Anlieger von Ortsdurchfahrten müssen Straße weiter reinigen: Beschluss ist erst ungefähr ein Jahr alt

So sei der Antrag, Anlieger von Ortsdurchfahrten von der Pflicht zur Straßenreinigung zu befreien, bereits einmal abgelehnt worden. „Und am Sachverhalt hat sich seitdem nichts geändert“, sagte sie. Andreas Kautzsch (BIG) war anderer Meinung: „Das ist seit meinem Einzug in den Rat im Jahr 2011 nicht Thema gewesen.“ Arms jedoch verwies auf einen vor etwa einem Jahr gefassten Beschluss, die Anlieger nicht von der Straßenreinigung zu befreien. Bei acht Gegenstimmen lehnte es der Rat mehrheitlich ab, das Thema erneut zu beraten.

Videoübertragungen von Ratssitzungen: Zu hohe Kosten, zu geringes Interesse

Über die Videoübertragung politischer Sitzungen mochte man nach bereits erfolgter Ablehnung ohne veränderte Sachlage ebenfalls nicht erneut diskutieren. Auch wenn die BIG hierbei in Detlev Junge (LiSa) einen Unterstützer fand: „Corona hat doch einiges verändert, gerade was die Akzeptanz von Digitalisierung betrifft“, sagte er. Arms wies darauf hin, dass bei Kosten von 2000 Euro pro Sitzung mit nur zwei Zuschauern zu rechnen sei. Und Waldemar Bartels (CDU) ergänzte mit Blick auf Erfahrungswerte größerer Städte, dass die Zuhörer durchschnittlich gerade einmal zwei Minuten dabei blieben – in einer dreistündigen Sitzung wohlgemerkt!

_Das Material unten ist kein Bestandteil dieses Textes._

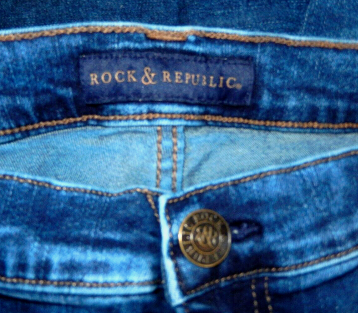 -Rock & Republic! -Great looking ankle jeans feature distressed 5-pocket styling with zipper faux-pocket deco, logo stud & rivets and comfy stretch denim fabric. -Size 16 Measures lying FLAT: Waist- 17.5" Hips- 20" Front Rise- 9.75" Inseam- 26" Leg Opening- 6.5" -Please note that some photos may not show accurate shades due to lighting, browser or to help show details. -LIKE IT?... Save gas & time shipped straight to your door FAST (usually same day paid).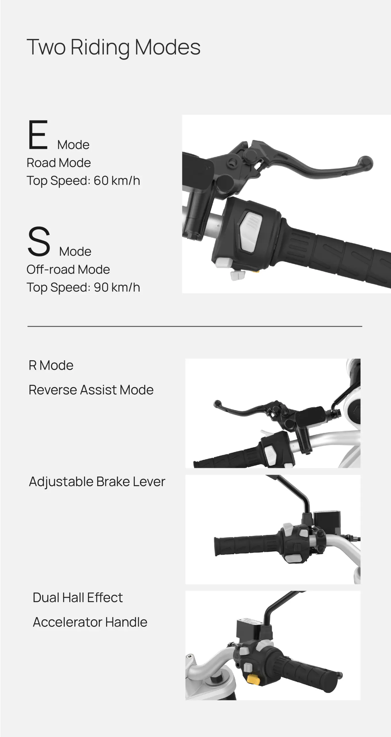 This model is perfect for riders seeking a powerful and versatile electric motorcycle. Its advanced design and experience make it suitable for both city commutes and off-road adventures.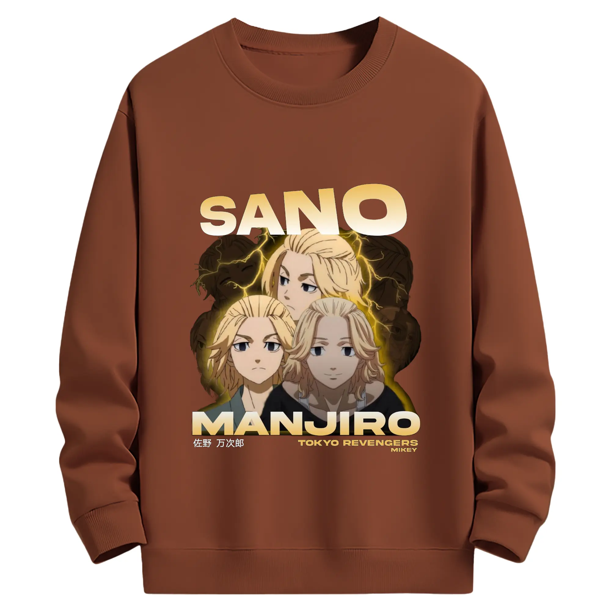東京卍リベンジャーズ 東リベ佐野万次郎 - 高品質 クルーネック スウェット ・ コットン59% ポリエステル41% ・ ユニセックス 長袖 トレーナー ・ カジュアル デイリー スポーツ 散歩用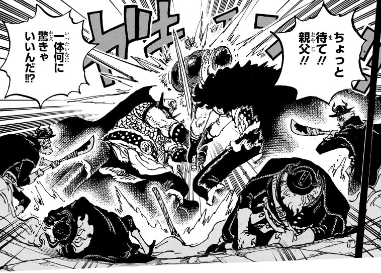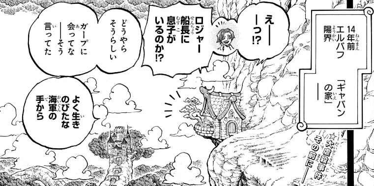 このタイミングでギャバンとの会話シーンを描き直すなら、「何故一度マリージョアに戻ったのか」「なぜまた地上に戻ってきたのか」についてこそ触れるべきであり、ギャバンの立場からしても当然その点に触れるはずで、それによって「1167話で描かれたシャンクスの姿とは何だったのか」を読者に説明すべき(つまりマリージョア失踪後からエルバフ訪問までの間を埋めるべき)だというのに、その点は完全スルーしたまま、急にいつもの穏やかなシャンクスに戻って、全然関係のない「ロジャーの息子」の話を展開してしまいます。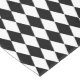A classic harlequin pattern made up of black and white elongated diamond shapes. This whimsical design symbolises fun, mischievousness, entertainment, and more. These contrasting diamonds create a charming pattern on this custom tablecloth. You can adjust the pattern size to any size you prefer and add a background colour to make this modern style table accent unique.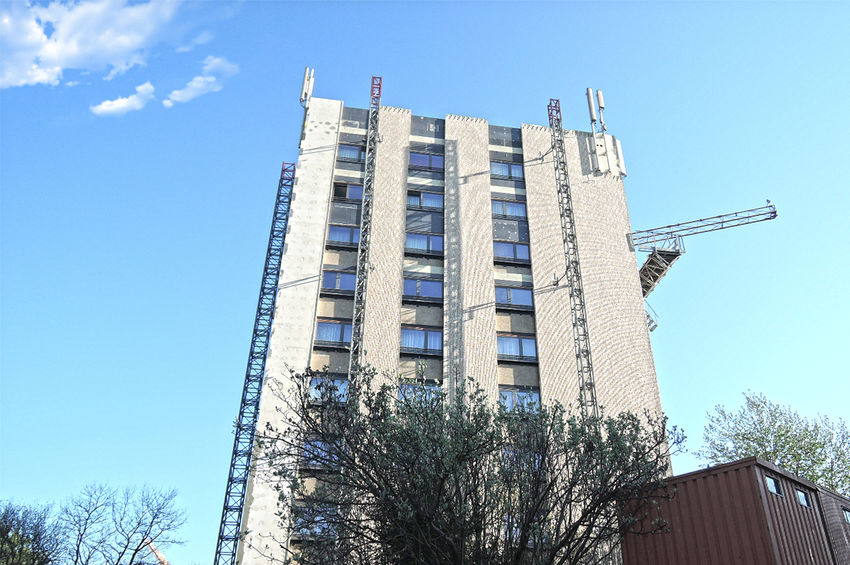 Par l'amélioration de la performance énergétique de l'enveloppe du bâtiment, nous donnons un second souffle à l'apparence extérieure du bâtiment de caractère fonctionnaliste des architectes Vanden Bossche, tout en respectant son aspect d'origine. En effet, si les couleurs demeurent semblables à l'existant, la pose verticale d'un parement en briques permet de donner une touche contemporaine au bâtiment. Cette intervention tout en sobriété est rehaussée par les notes colorées au niveau du renfoncement des balcons et par la création d'un auvent à l'entrée du bâtiment. L'auvent, réalisé en tôle perforée - rappel des garde-corps –, permet d'accueillir les visiteurs et d'intégrer judicieusement la parlophonie, l'éclairage et la signalétique du bâtiment. Cela garantie de façon simple la sécurité aux abords du bâtiment et permet de privatiser le balcon se trouvant à proximité de l'entrée.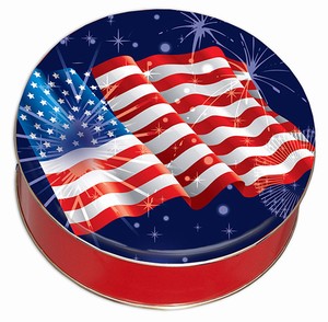 Beautiful Fireworks. Perfect for your 4th of July Festivities. This tin comes filled with our Cookie Cups With Pecans.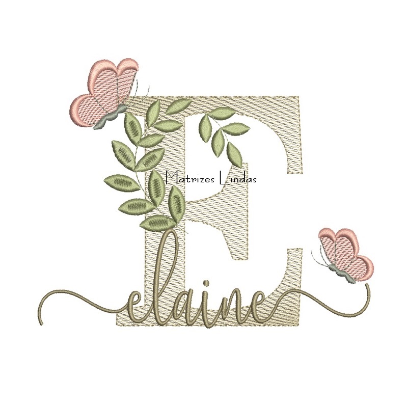Matriz de Bordado Nome Elaine folhas e Borboletas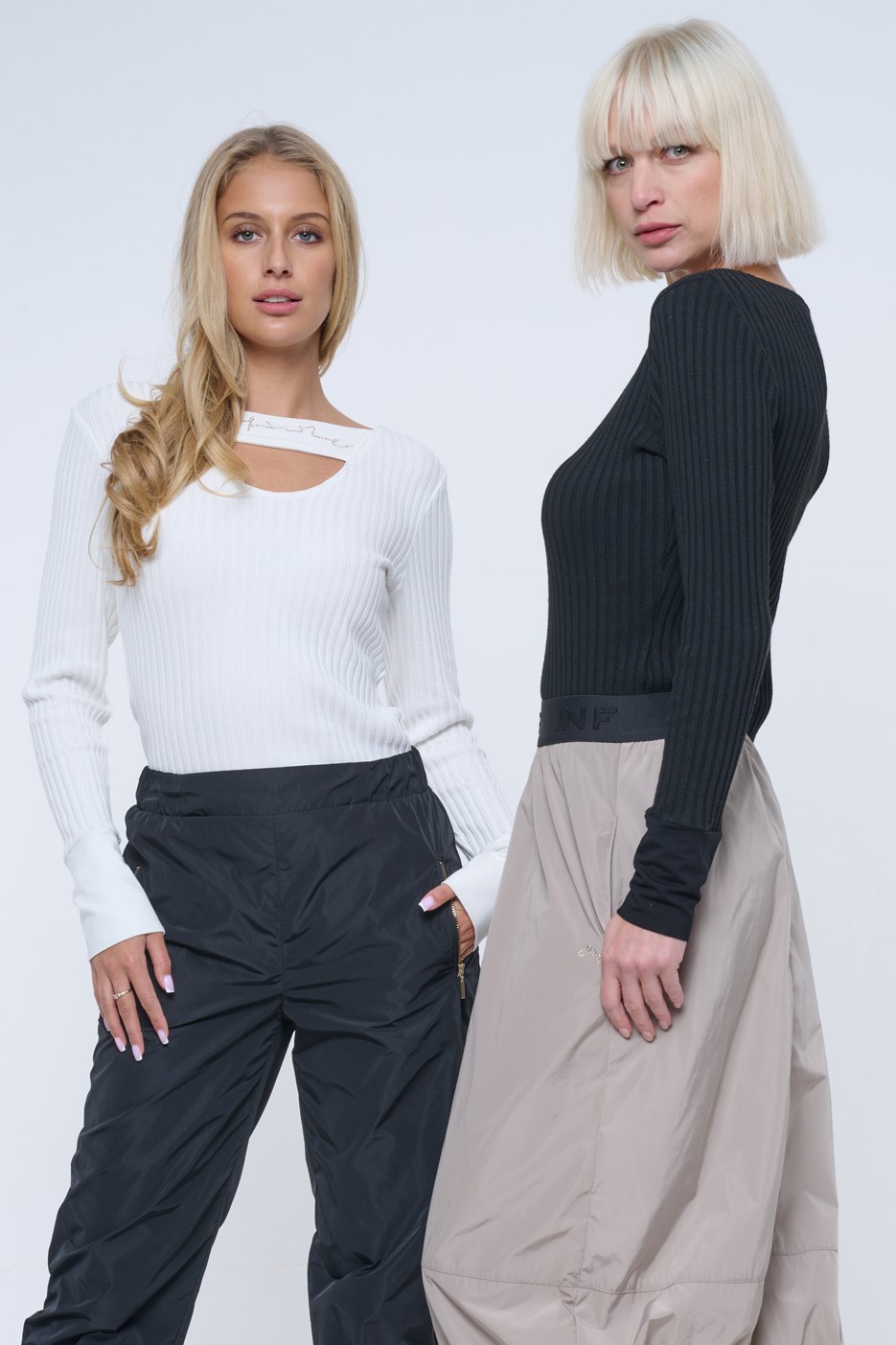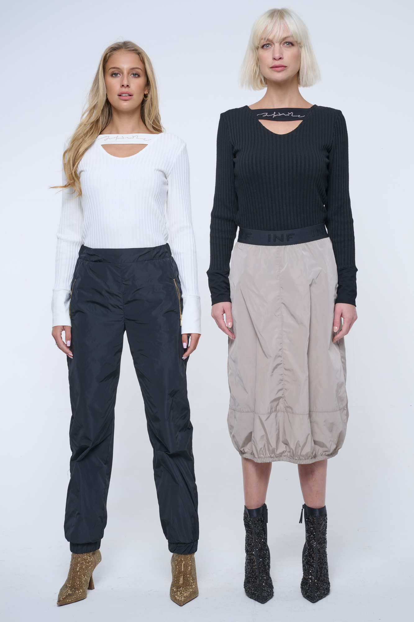 Úpletový svetřík. Ve výstřihu zlaté krystalové logo Infinite.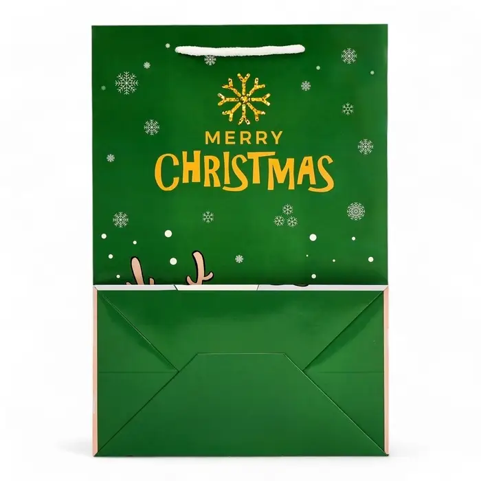 Пакет ламинированный подарочный с окном «Дед мороз» 24×35×14 см, зелёный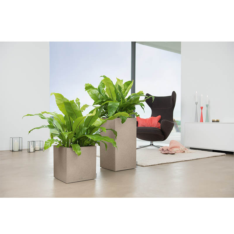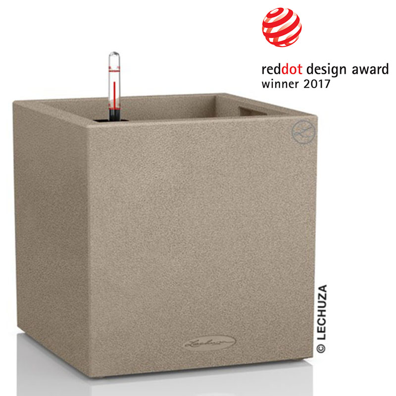 Επιδαπέδια γλάστρα με ανάγλυφη όψη φυσικής πέτρας χρώματος μπεζ της άμμου, κορυφαία ποιότητα κατασκευής και κομψό σχεδιασμό που έχει αποσπάσει βραβείο design στο διεθνή διαγωνισμό Reddot design award 2017. Η συσκευασία περιλαμβάνει τη γλάστρα, το δοχείο φύτευσης, το σύστημα αυτοποτισμού και το lechuza-pon. Απόλυτα εργονομική χάρη στις βυθιζόμενες λαβές (με δίπλωμα ευρεσιτεχνίας), προσφέρει τη δυνατότητα για εύκολη αλλαγή των δοχείων φύτευσης διευκολύνοντας την αλλαγή φυτών, τη μεταφύτευση, το κλάδεμα των ριζών και το ξέπλυμα των φύλλων ενώ διαθέτει και διπλή βαλβίδα αποστράγγισης στη βάση του εσωτερικού δοχείου και της γλάστρας για να απορρέει το πλεονάζον νερό όταν τοποθετείται σε εξωτερικό χώρο προσφέροντας υγειές περιβάλλον στα φυτά ενώ το σύστημα αυτοποτισμού λειτουργεί ευεργετικά για το φυτό καθώς δίνει την απαραίτητη ποσότητα νερού που έχει ανάγκη το φυτό αλλά και για τον χρήστη, απαλλάσοντας τον από την καθημερινή φροντίδα του φυτού. Το δοχείο φύτευσης έχει χωρητικότητα νερού 7 και χώματος 29 λίτρων και προσφέρει ιδανικό περιβάλλον για την ανάπτυξη φυτών με ύψος έως 100 και ριζικό σύστημα έως 25 εκατοστά. Πολύ ανθεκτική και ελαφριά κατασκευή, αντέχει στις μεταβολές της θερμοκρασίας και την υπεριώδη ακτινοβολία UV. Η γλάστρα LECHUZA Canto Color Κύβος 40 αποτελεί μια εξαιρετική επιλογή για όσους θέλουν να ξεχωρίζουν συνδυάζοντας αρμονικά υψηλή αισθητική και λειτουργικότητα.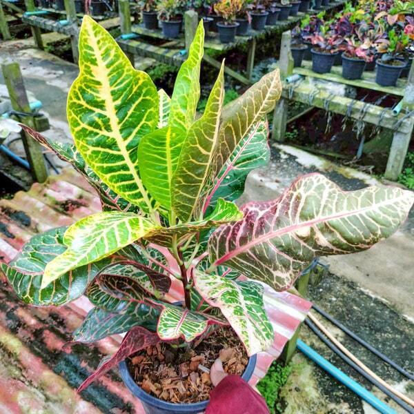 Окрас кротонов зависит от сезона. Даже яркие сорта могут приехать с зелеными листьями. По мере роста при достаточном количестве тепла и света при смене сезона они окрашиваются в сортовые цвета.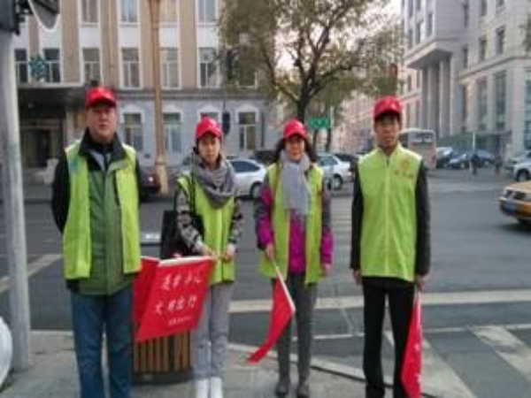 为了使哈尔滨市的交通秩序井然有序,市民自觉遵守交通规则,倡导行人过街走斑马线,不乱闯红灯。社区组织志愿者在早晚上下班的高峰期间,到人员密集的地段街与柳树街交口,引导过街市民自觉走人行斑马线,不闯红灯。对闯红灯的市民给予劝阻,告诫他们要自觉遵守交通规则。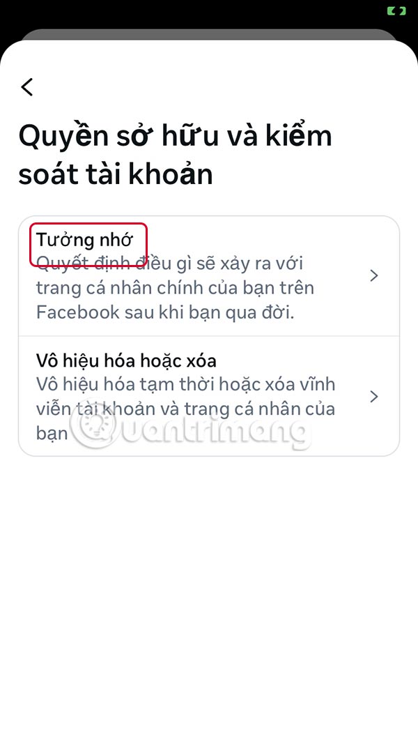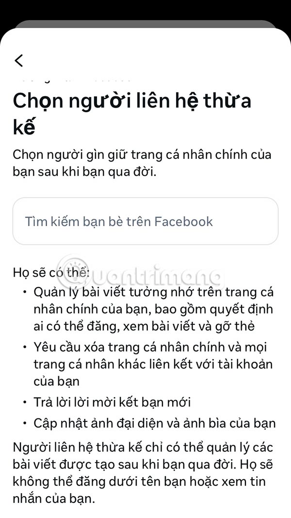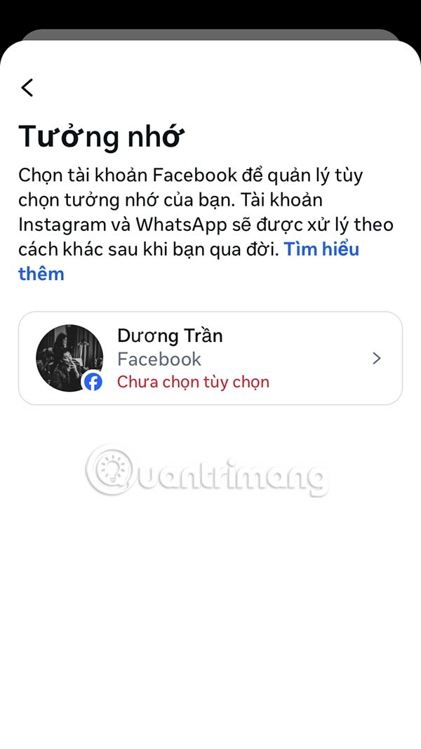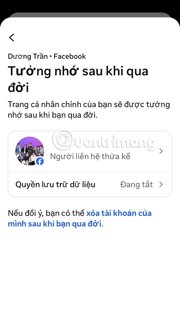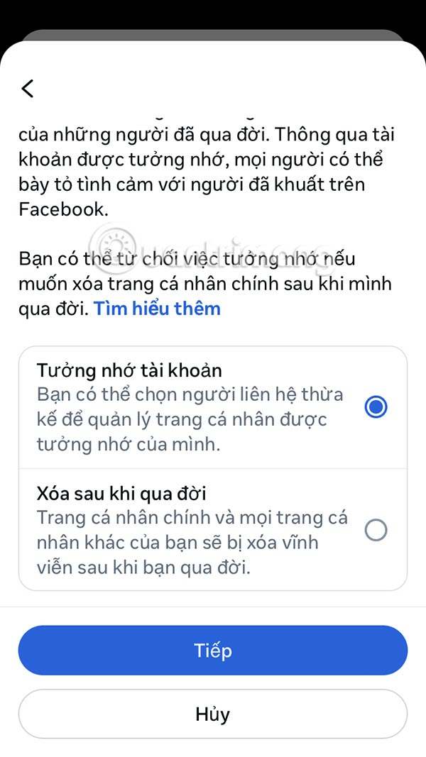 Tại đây người dùng có 2 lựa chọn là chọn tài khoản kế thừa khi nhấn Tưởng nhớ tài khoản, hoặc xóa tài khoản Facebook của bạn. Chúng ta chọn theo nhu cầu rồi nhấn Tiếp. Nếu bạn chọn tài khoản kế thừa Facebook của mình thì nhập tài khoản kế thừa vào giao diện.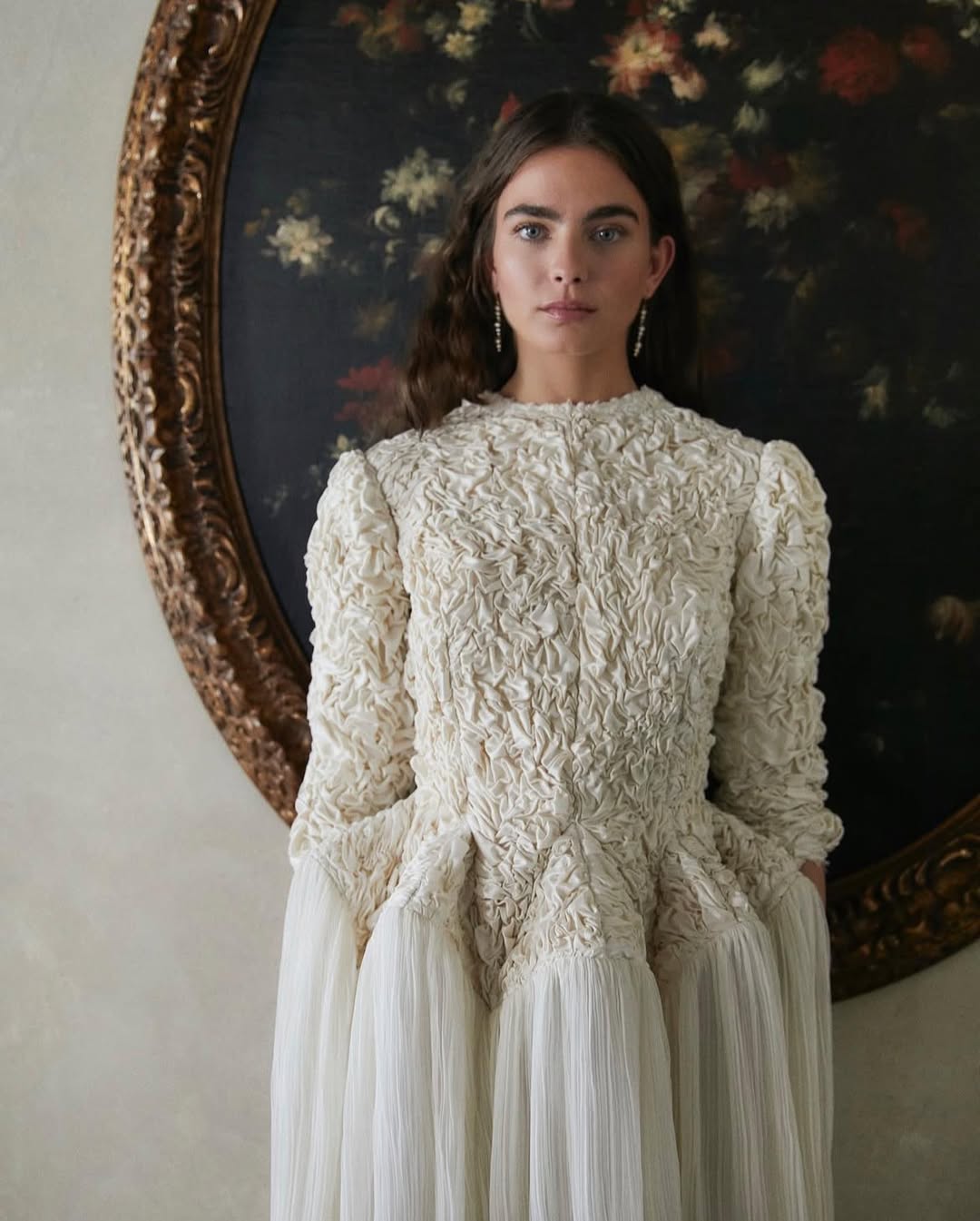 Couture draping techniques are essential for achieving these shapes. Designers don't just cut fabric — they manipulate it on dress forms, pinning, twisting, and layering it until it does something unexpected. This might involve heat-setting pleats to maintain sharp angles or using multiple layers of varying weights to create dimension. Some gowns incorporate hidden boning for a sculptural effect rather than structural support, creating ridges or channels that become an integral part of the design. Others use internal supports, such as hoops, wires, or rigid underlayers, that allow for dramatic overhangs, cantilevered volumes, or sections that appear to be floating. 3D forming techniques from haute couture are now also part of bridal fashion. These include shaping fabric while it is wet, stacking laser-cut pieces to create raised patterns, and adding hand-sculpted details that are made separately from the dress. The result is gowns that seem almost impossible; gowns that appear as if they shouldn't be able to keep their shape, yet they do. This combination of fragility and strength is what makes the sculptural wedding dress trend for 2026 so striking.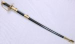 replika historické jezdecké šavle americké kavalerie s černou koženou rukojetí s mosazným košem v kovové pochvě v černé barvě s mosaznými úchyty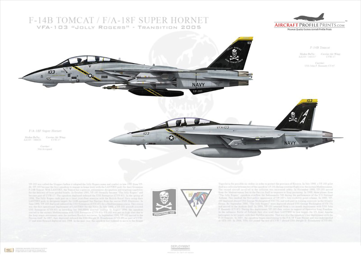 In February 2005, the squadron transitioned to F/A-18 Super Hornets after the retirement of their F-14s in December 2004, and the unit was re-designated as VFA-103 (Strike Fighter Squadron).
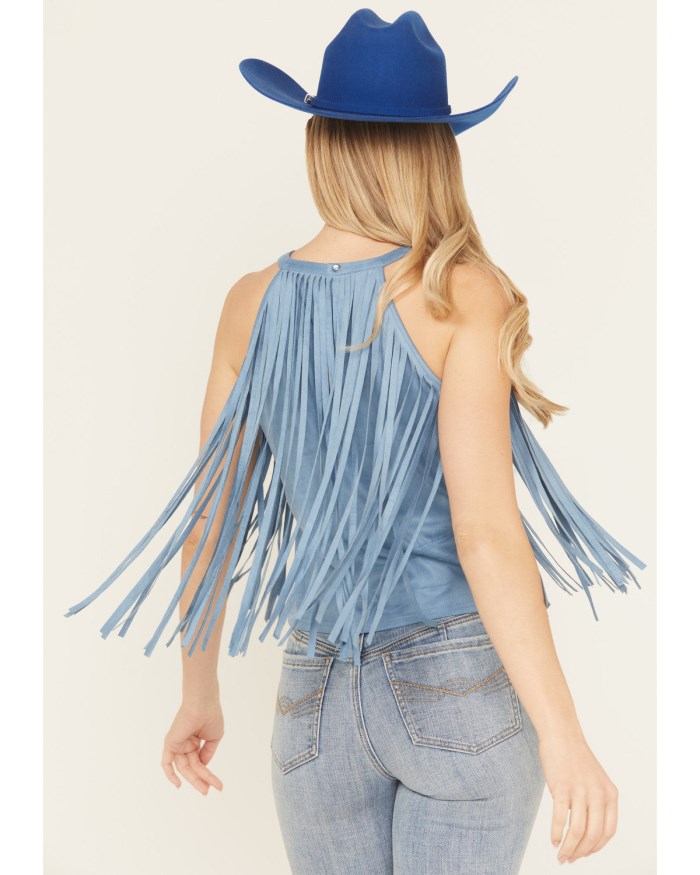 - Special Offer Idyllwind Women's Banbury Printed Faux Suede Fringe Moto Jacket | Steel Blue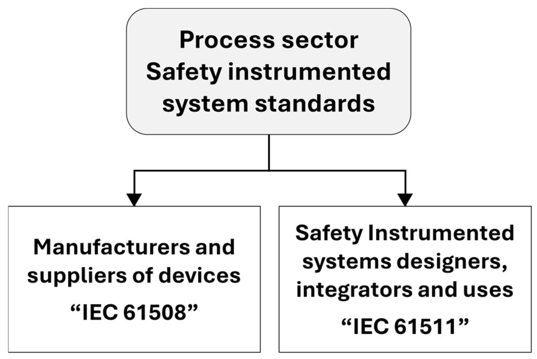 Figure 2, IEC 61508 applies primarily to manufacturers and equipment suppliers responsible for the design and development of safety related systems, whereas IEC 61511 is intended for designers, integrators, and end users of instrumentation and control systems in process industries. Accordingly, IEC 61511 was adopted as the applicable functional safety standard in this study.

Erst befasst sich der Fachausschuss mit mobilem Skatepark

Bei vier Gegenstimmen und zwei Enthaltungen verwies das Gremium mit großer Mehrheit einen Antrag auf Anschaffung eines mobilen Skateparks in den Familien-, Sport- und Kulturausschuss. Eine Klarstellung zur Erweiterung des Gewerbegebietes Rohrwiesen sah der Rat bei drei Gegenstimmen und einer Enthaltung mehrheitlich ebenfalls als unnötig an. Kautzsch bemängelte, dass dort „fast alle“ Flächen ungenutzt seien. Und wenn sie genutzt würden, dann „in einer Weise, die nicht in unserem Sinne sein kann“, denn sie bringe keine Gewerbesteuer. Arms erklärte, dass man mit dem Regionalverband im Gespräch sei hinsichtlich einer Erweiterung.

Ausbau von Sassenburger Radwegen: Das passiert im Zuge des Flurbereinigungsverfahrens. Quelle: Archiv

Die SPD hatte keinen weiteren Beratungsbedarf zum Radwegbau, da dieser im Zuge des beschlossenen Flurbereinigungsverfahrens erfolgt. Kautzsch allerdings befürchtete, dass Radwege wie Wirtschaftswege ausgebaut würden. Und mit Treckern fördere man nicht den Tourismus. Junge dagegen betonte, dass die Wege für Landwirtschaft und Radfahrer ausgebaut werden sollten. Bei fünf Gegenstimmen und einer Enthaltung setzte der Rat den Punkt ab.

Keine Stellungnahme zu der Erweiterung des Windparks bei Barwedel

Die BIG wollte zudem die Zusammensetzung von Arbeitsgemeinschaften und die Dokumentation der geleisteten Arbeit mittels eines Leitfadens durch den Rat organisieren lassen. Die SPD erklärte, dass das nicht Aufgabe des Rates sei. Und Arms fügte hinzu, dass Arbeitsgemeinschaften stets sehr individuell gebildet würden – entsprechend des zu behandelnden Themas. Mit großer Mehrheit sprach sich der Rat für Nichtbefassung mit diesem Tagesordnungspunkt aus. Gleiches galt bei drei Gegenstimmen und zwei Enthaltungen für den BIG-Antrag, dass die Gemeinde eine Stellungnahme zu einer geplanten Erweiterung des Windparks bei Barwedel abgegeben soll. „Der Grußendorfer Ortsrat hat sich damit befasst“, sagte Morgenstern-Ostlender. Ergebnis: kein Bedarf.